*** Opening of Records for processing ***

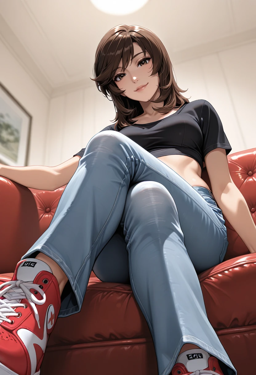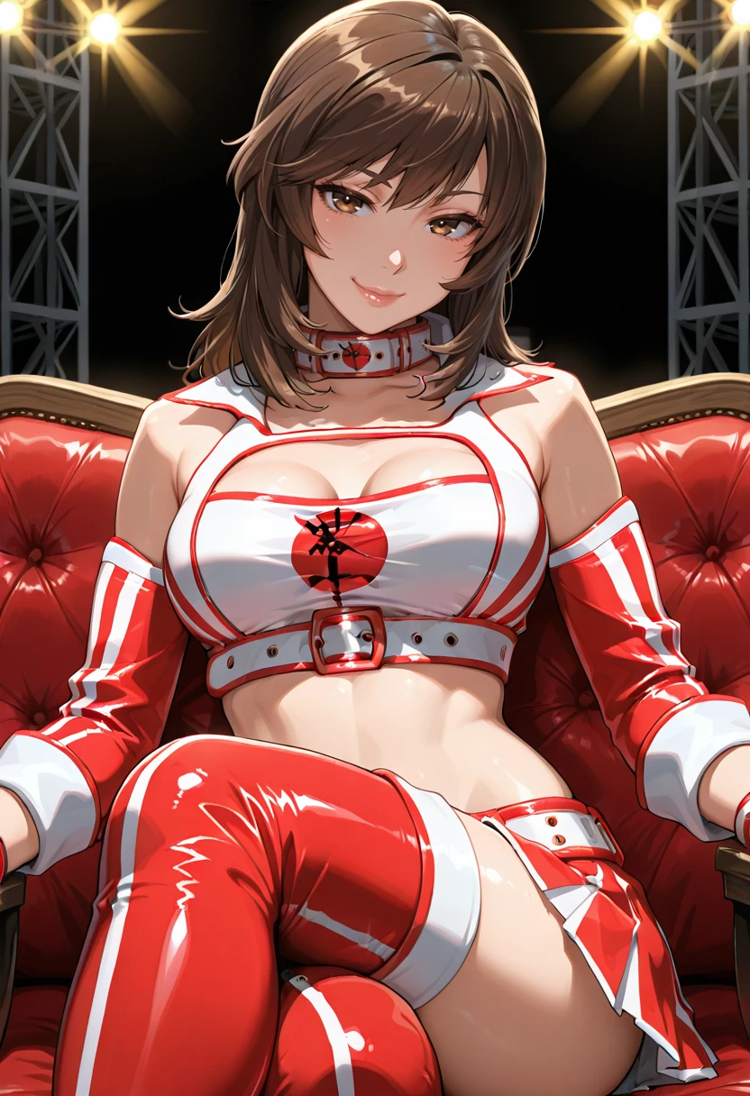"SUP3REI, brown hair, medium hair, brown eyes, lips, collar, sleeveless collared crop top, detached sleeves, cleavage cutout, chest belt, skirt, belt, thighhighs, sneakers"
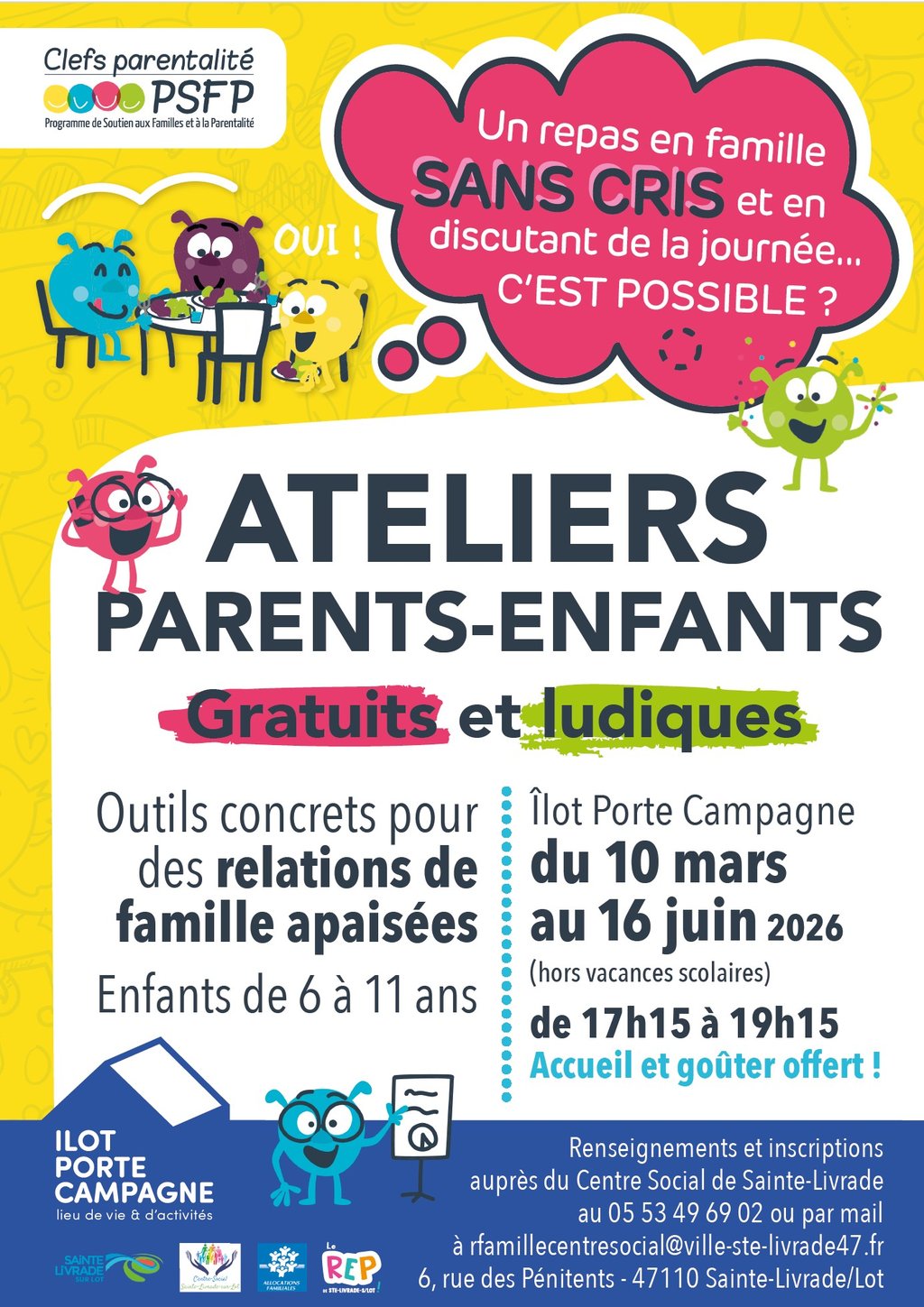Renseignements : 05.53.49.69.02 - rfamillecentresocial@ville-ste-livrade47.fr
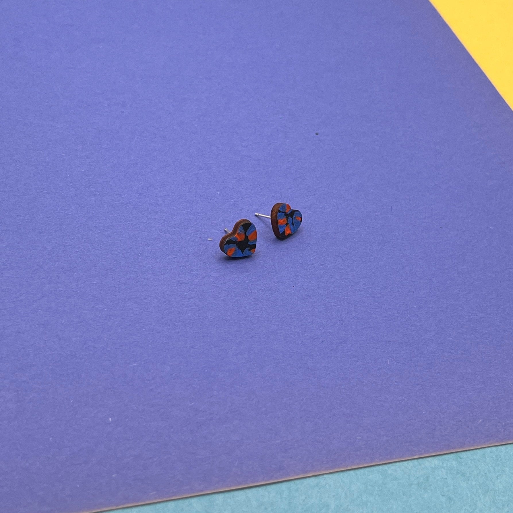 Small heart-shaped stud earrings, hand-painted in black, blue and orange.
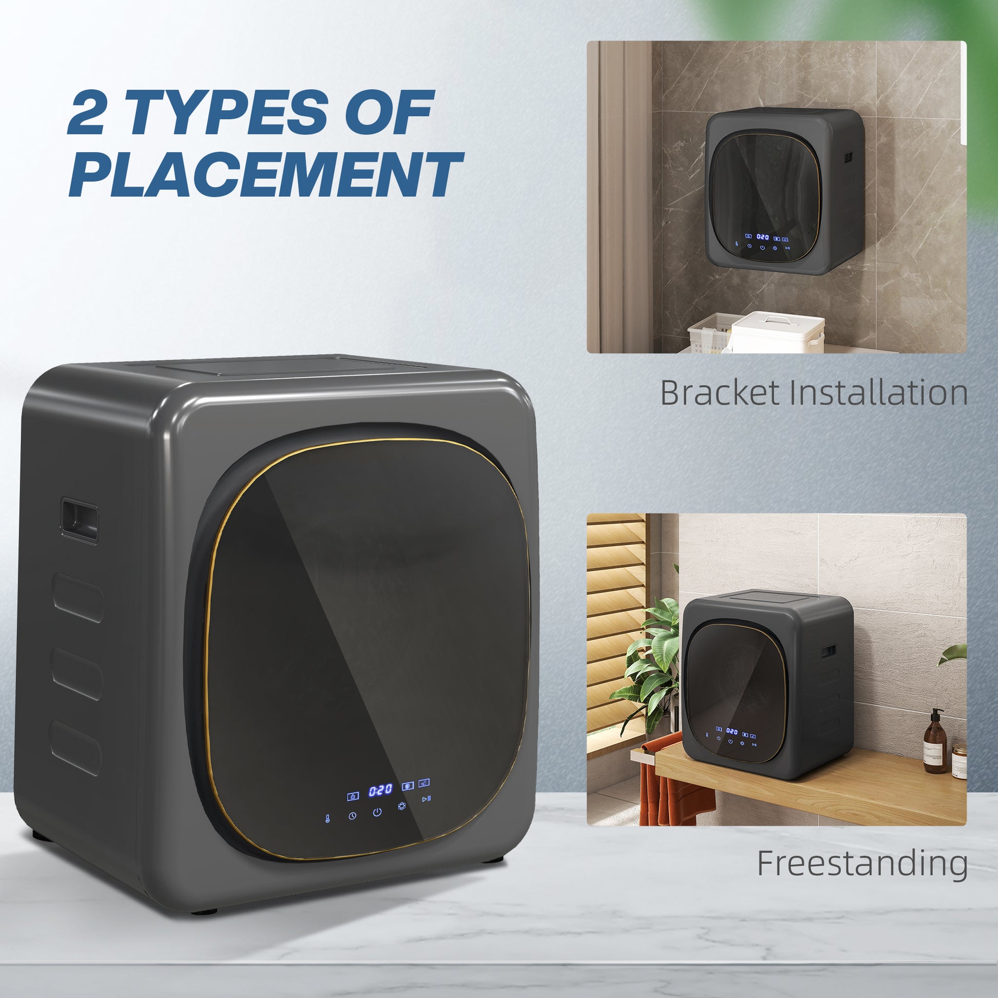 HOMCOM 4kg Vented Tumble Dryer with Deodorize, Smart Mode, 800W Compact Tumble Dryer with Stainless Steel Tub, Front Load, for Flat, Home, RVs, Grey
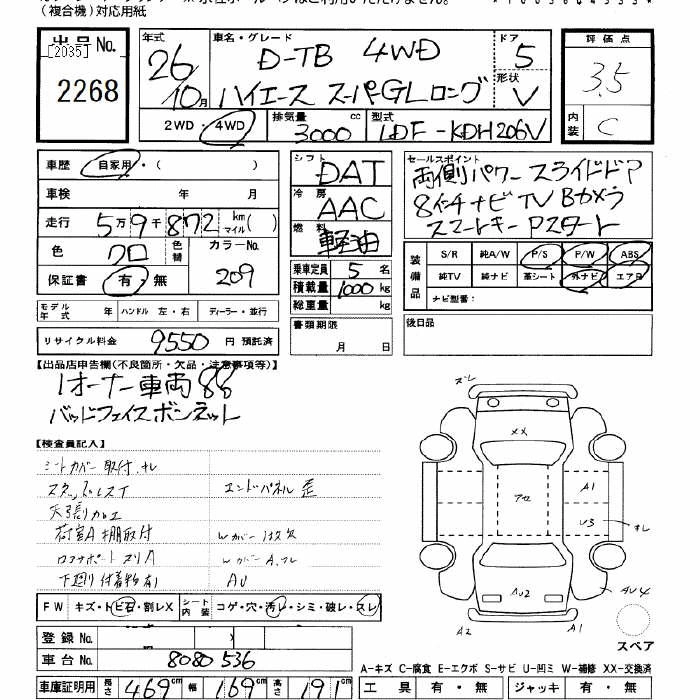 Год выпуска2014 Пробег 59 000 км КузовKDH206V Комплектация4WD SUPER GL LONG D-TB
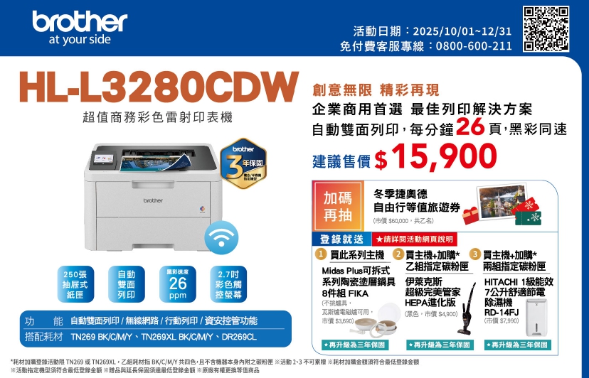 Brother HL-L3280CDW 無線網路雙面彩色雷射印表機
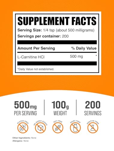 Specification: BulkSupplements.com L-Carnitine HCl Powder – Carnitine Supplement, Carnitine Powder, L-Carnitine 500mg – Unflavored & Gluten Free, 500mg per Serving, 100g (3.5 oz) (Pack of 1)
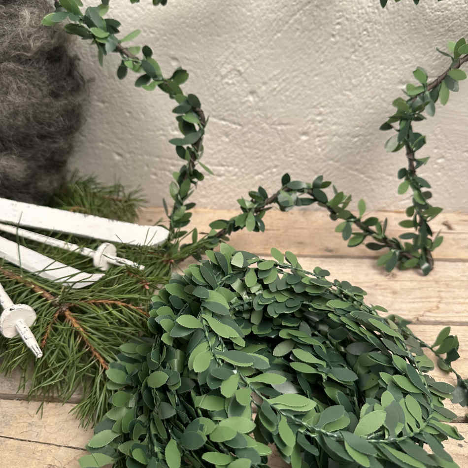 Konstgjord storbladig buxbom på ståltråd.
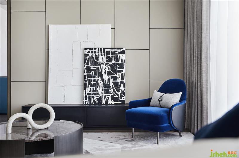 客廳以弧度的沙發(fā)和茶幾渲染輕松氣氛,背景墻通過金屬條進(jìn)行韻律劃分,配合畫作,呈現(xiàn)方正與圓弧的碰撞之美,這也是一種剛?cè)峒鏉?jì)的均衡。
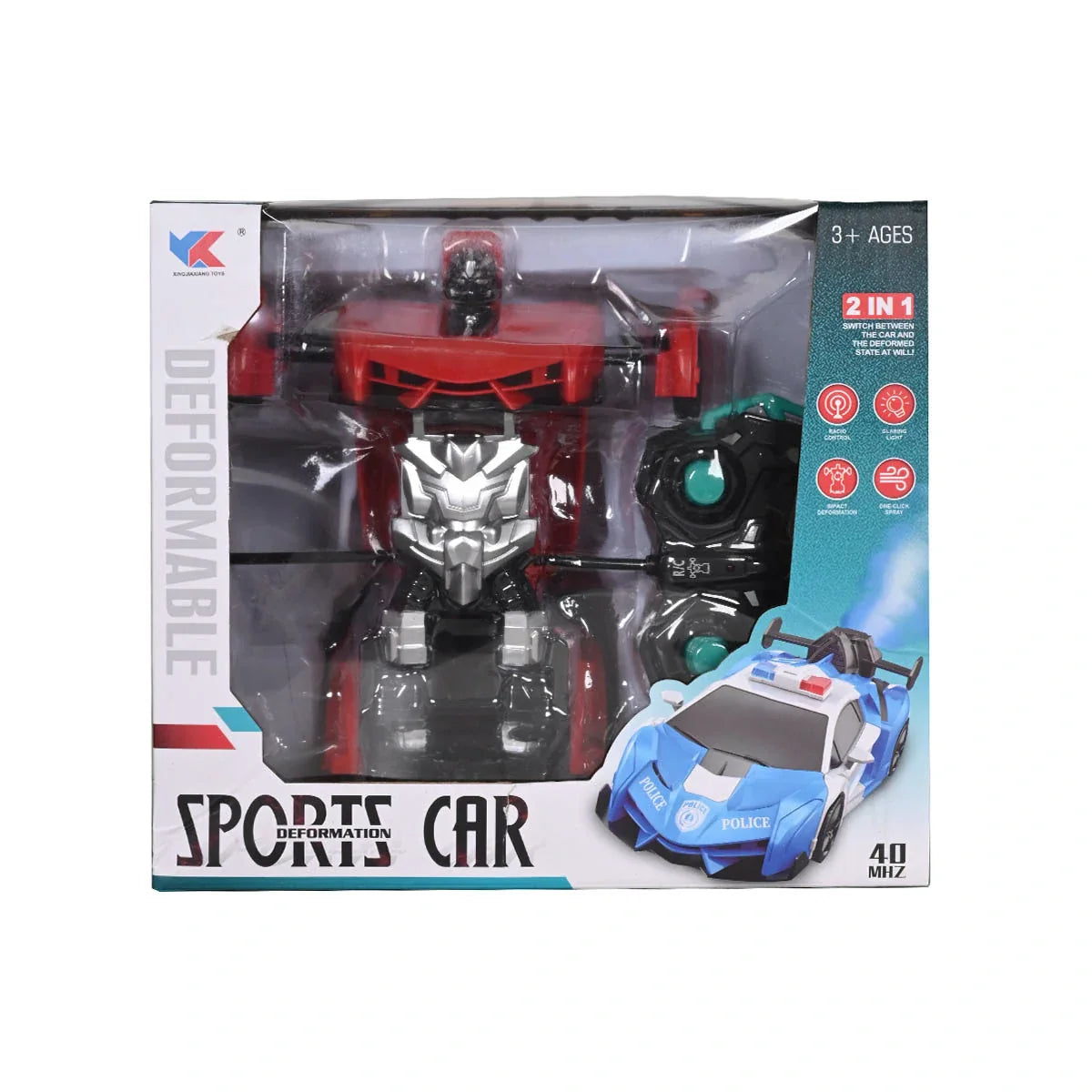 2-in-1 Remote Control Police Car Toy Rotation Deformation Robot Car With Light
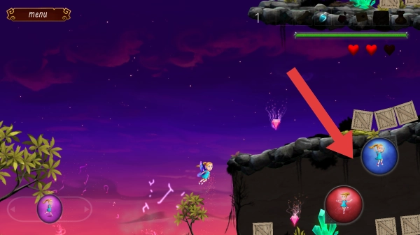 当钻石位于上方位置时,玩家可通过右下角的功能按键来操作,当前剩余生命值为2。
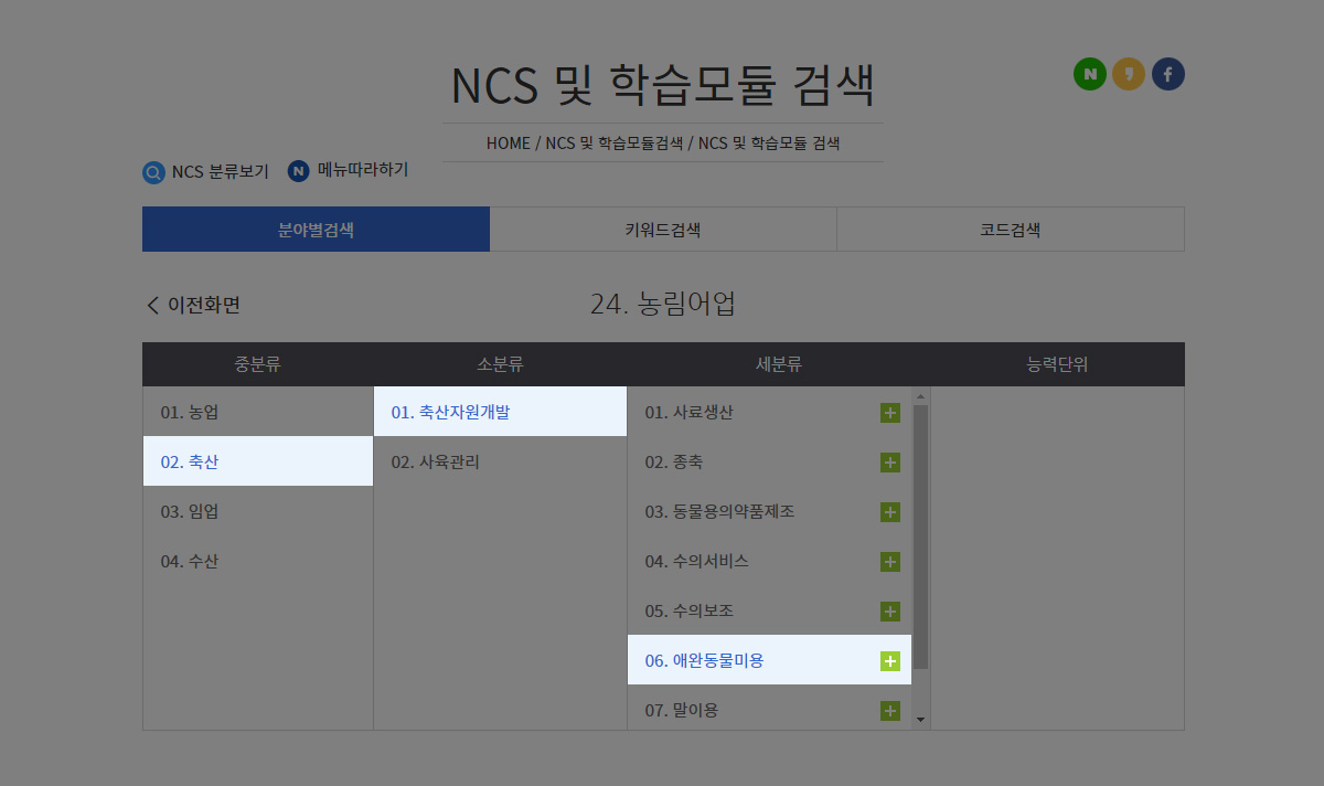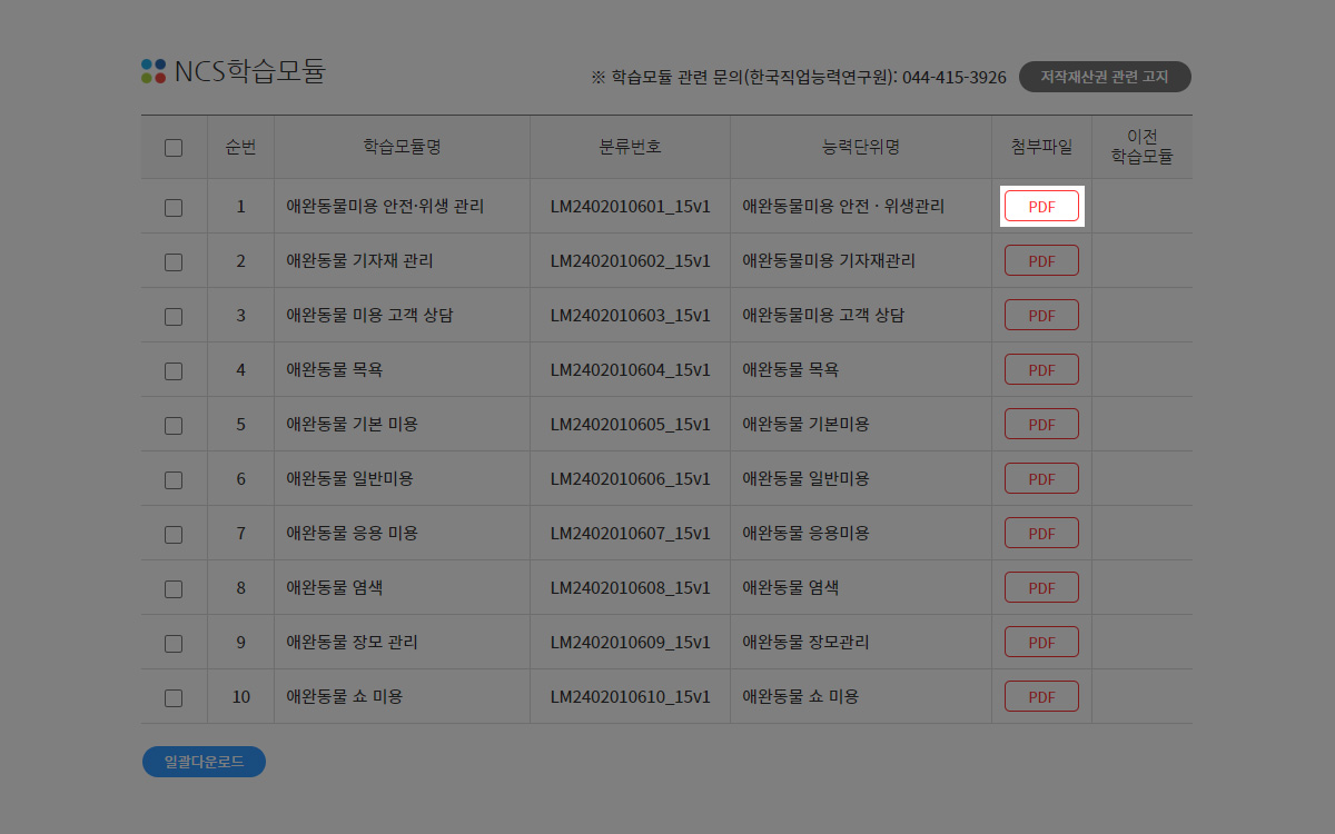 애완동물미용 NCS 학습모듈 검색 및 다운로드 방법

*** Close of Records for processing ***

Instructions to follow: Leave the pictures out and copy exactly the lines from the one that holds "2-in-1 Remote Control" through the last line of the material.

Solved exercise:
 2-in-1 Remote Control Police Car Toy Rotation Deformation Robot Car With Light
 当钻石位于上方位置时,玩家可通过右下角的功能按键来操作,当前剩余生命值为2。
 애완동물미용 NCS 학습모듈 검색 및 다운로드 방법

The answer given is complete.